Route visualization method, device, equipment and storage medium

Technical Field

The embodiment of the application relates to the technical field of computers, in particular to a route visualization method, a route visualization device, route visualization equipment and a storage medium.

Background

For services widely distributed by users, the services are generally distributed and deployed in multiple areas and multiple machine rooms based on index considerations such as low time delay and high availability. When the service is called, an appropriate routing strategy is usually selected by combining with the self scene. In order to avoid the repeated construction of the service level, the bottom framework often provides a plurality of standardized selectable routing strategies in the dimensions of large areas, machine rooms, instances and the like. For example, the large-area dimension provides a default same-large area, the machine room dimension provides a priority same-machine room, a consistency hash selects a machine room and the like, and the example dimension provides a polling, consistency hash and other load balancing routing strategies.
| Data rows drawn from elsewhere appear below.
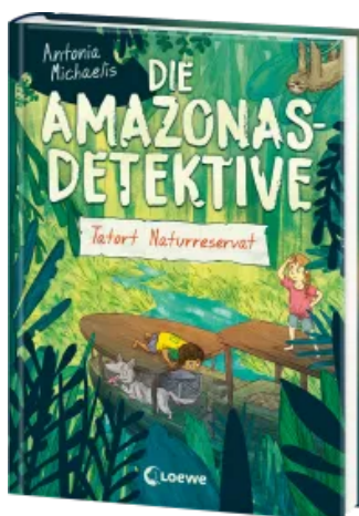
Die Amazonas-Detektive (Band 2) - Tatort Naturreservat Hardcover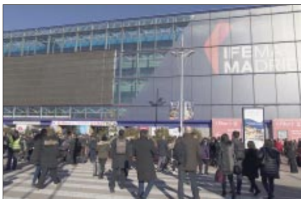
Cerró la Fitur en las jornadas dedicadas a profesionales.

victoriagprado@gmail.com X: @victoriagprado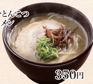
魚介とんこつ ラーメン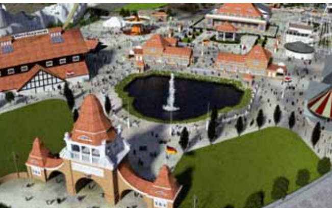
Der Lunapark um 1913 als 3-D-Modell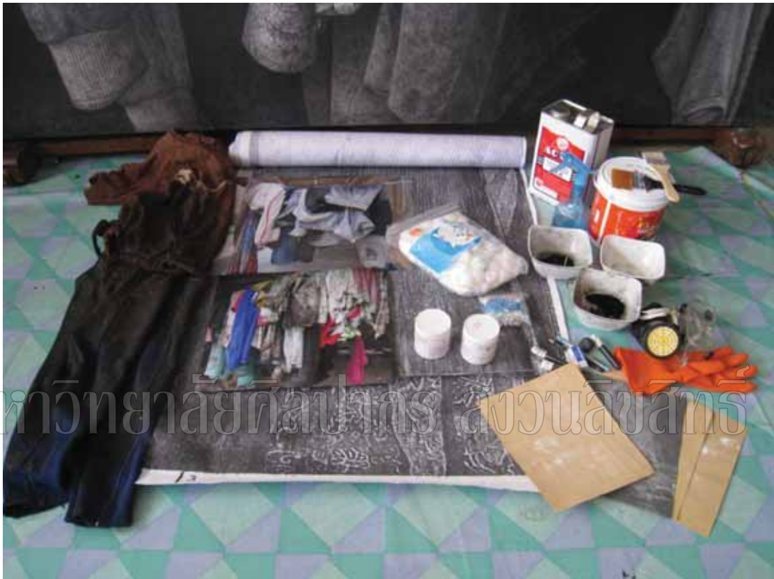
ภาพที่ 8 อุปกรณ์ที่ใช้ในการสร้างสรรค์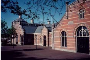
Pompgebouw de Esch

Een greep uit de locatie mogelijkheden in Rotterdam en omgeving: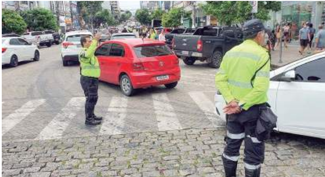
Agentes de trânsito passam a fiscalizar CNH, documento do veículo e a realizar teste de alcoolemia

“Com a aplicação das novas diretrizes, a fiscalização e atuação se tornam ferramentas essenciais para ga-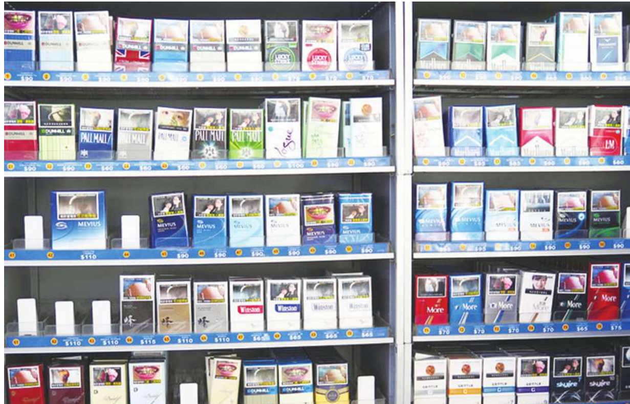
▲馬偕醫院胸腔內科主治醫師楊勝雄 22 日於記者會表呼籲，應在學生時期就應積極介入菸害防治。(本報資料照)

【本報記者簡嘉佑台北報導】新興菸品攻入校園，據推估，近十萬青少年使用新興菸品！馬偕醫院胸腔內科主治醫師楊勝雄 22 日於記者會表呼籲，應在學生時期就應積極介入菸害防治。馬偕紀念醫院胸腔內科醫師鍾心佩也指出，18 歲以下的民眾仍無法使用尼古丁贴片或戒菸藥物，呼籲青少年「從一開始就不要碰」。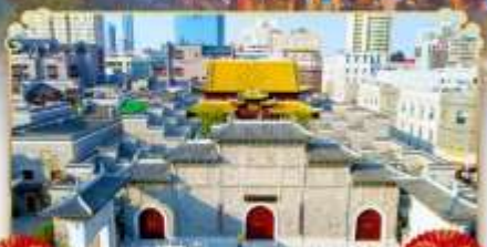
ถนนโบราณวั้งโซ่กวง

However, with the increasing of routing strategies, the effects of various routing strategies in actual use scenarios are different, which makes it difficult for a service user to grasp the actual effects of the selected routing strategies in a real environment.

Disclosure of Invention

The embodiment of the application provides a route visualization method, a route visualization device, a route visualization equipment and a storage medium, so as to solve the technical problem that a service user is difficult to master the actual effect of a selected routing strategy in a real environment in the related art, and effectively reduce the operation and maintenance cost and complexity by reflecting the actual effect of the routing strategy in the real environment.

In a first aspect, an embodiment of the present application provides a route visualization method, including:

acquiring position information, called party information and calling parameters provided by a testing end;

acquiring a called party instance list according to the called party information, and determining a target instance node from the called party instance list based on the calling parameter;

sending node detection information to the target instance node based on the position information so that the target instance node returns node feedback information based on the node detection information;

and feeding back a detection result to the test end in response to receiving the node feedback information fed back by the target instance node, so that the test end displays the detection result.
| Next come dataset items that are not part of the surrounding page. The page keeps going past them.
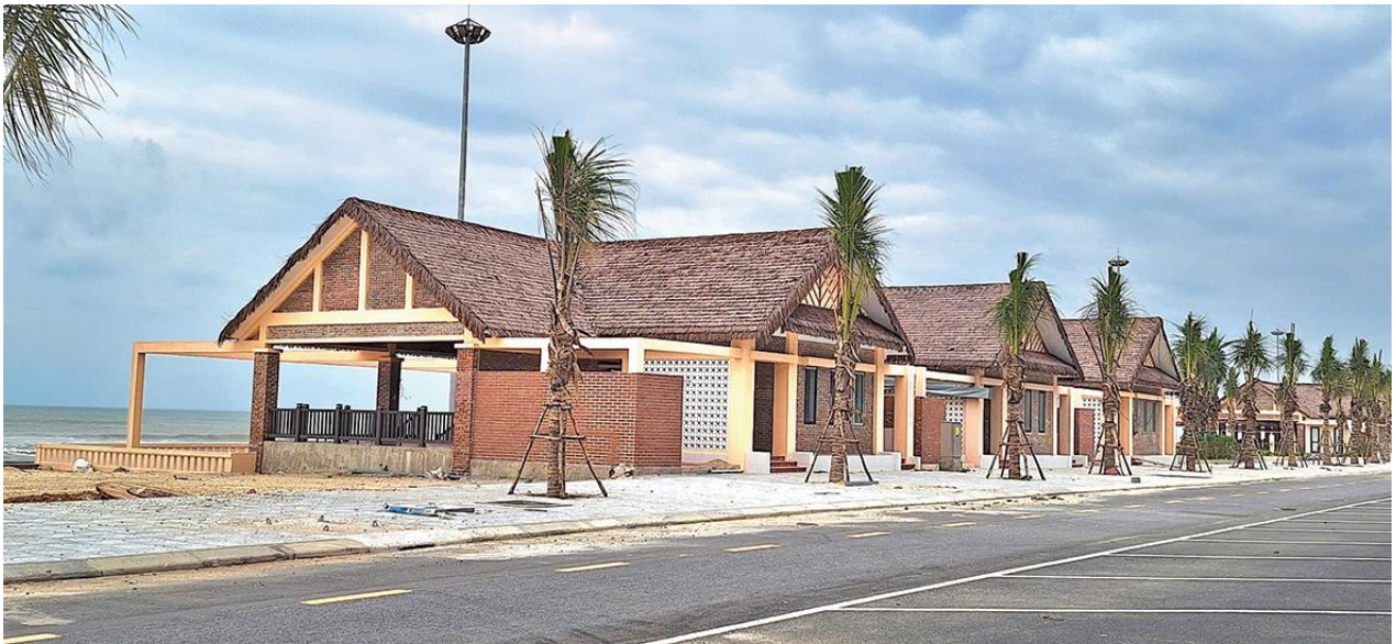
Một góc bãi tắm cộng đồng xã Trung Giang, huyện Gio Linh đang ở giai đoạn hoàn thiện, đưa vào khai thác trong mùa du lịch biển năm 2025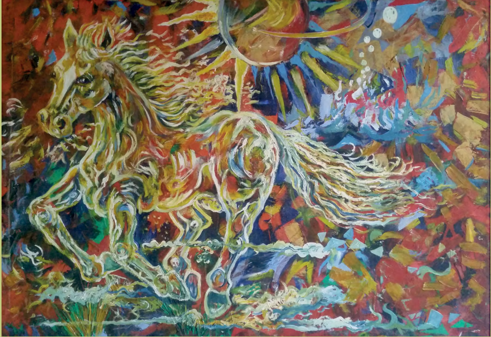
Autor: Marlon Alexis Monsalve Arias Título: Fuerza sobre el caos Técnica: óleo sobre lienzo Año: 2004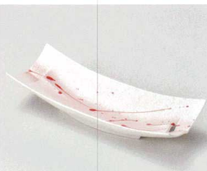
ト027-187 赤一珍菱透し 8寸長皿 24.8×9×5.4cm(60入・磁) 2,600円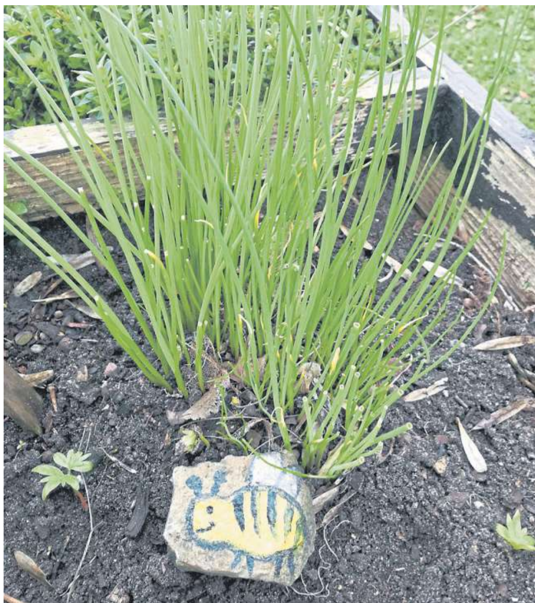
Mit einer Aktion zu den Weserstones beginnt die Woche der Diakonie.

Und einen Hinweis dazu hat der BUND dazu noch: „Achten Sie bei der Wahl der Grillkohle auf eine regionale Herkunft des Holzes, vor allem sollte kein Tropenholz in der Grillkohle sein.“ Und: Bei der Wahl des Fleisches sollten es nach Möglichkeit Produkte regionaler Weide-, Bio- oder Neulandhaltung sein. „Für Fleischerzeugung aus Massentierhaltung wird Soja aus Übersee verfüttert, für dessen Anbau auch der Regenwald gerodet wird“, erläutert der BUND. Na, dann: schönen Sonntag und guten Appetit!

In a second aspect, an embodiment of the present application provides a route visualization apparatus, including a call response module, a node determination module, a node detection module, and a result feedback module, where:

the calling response module is used for acquiring the position information, the called party information and the calling parameters provided by the test terminal;

the node determining module is used for acquiring a called party instance list according to the called party information and determining a target instance node from the called party instance list based on the calling parameter;

the node detection module is used for sending node detection information to the target instance node based on the position information so as to enable the target instance node to return node feedback information based on the node detection information;

and the result feedback module is used for responding to the received node feedback information fed back by the target instance node and feeding back a detection result to the test end so as to display the detection result by the test end.

In a third aspect, an embodiment of the present application provides a route visualization device, including: a memory and one or more processors;

the memory for storing one or more programs;

when executed by the one or more processors, cause the one or more processors to implement the route visualization method of the first aspect.

In a fourth aspect, embodiments of the present application provide a storage medium storing computer-executable instructions for performing the route visualization method according to the first aspect when executed by a computer processor.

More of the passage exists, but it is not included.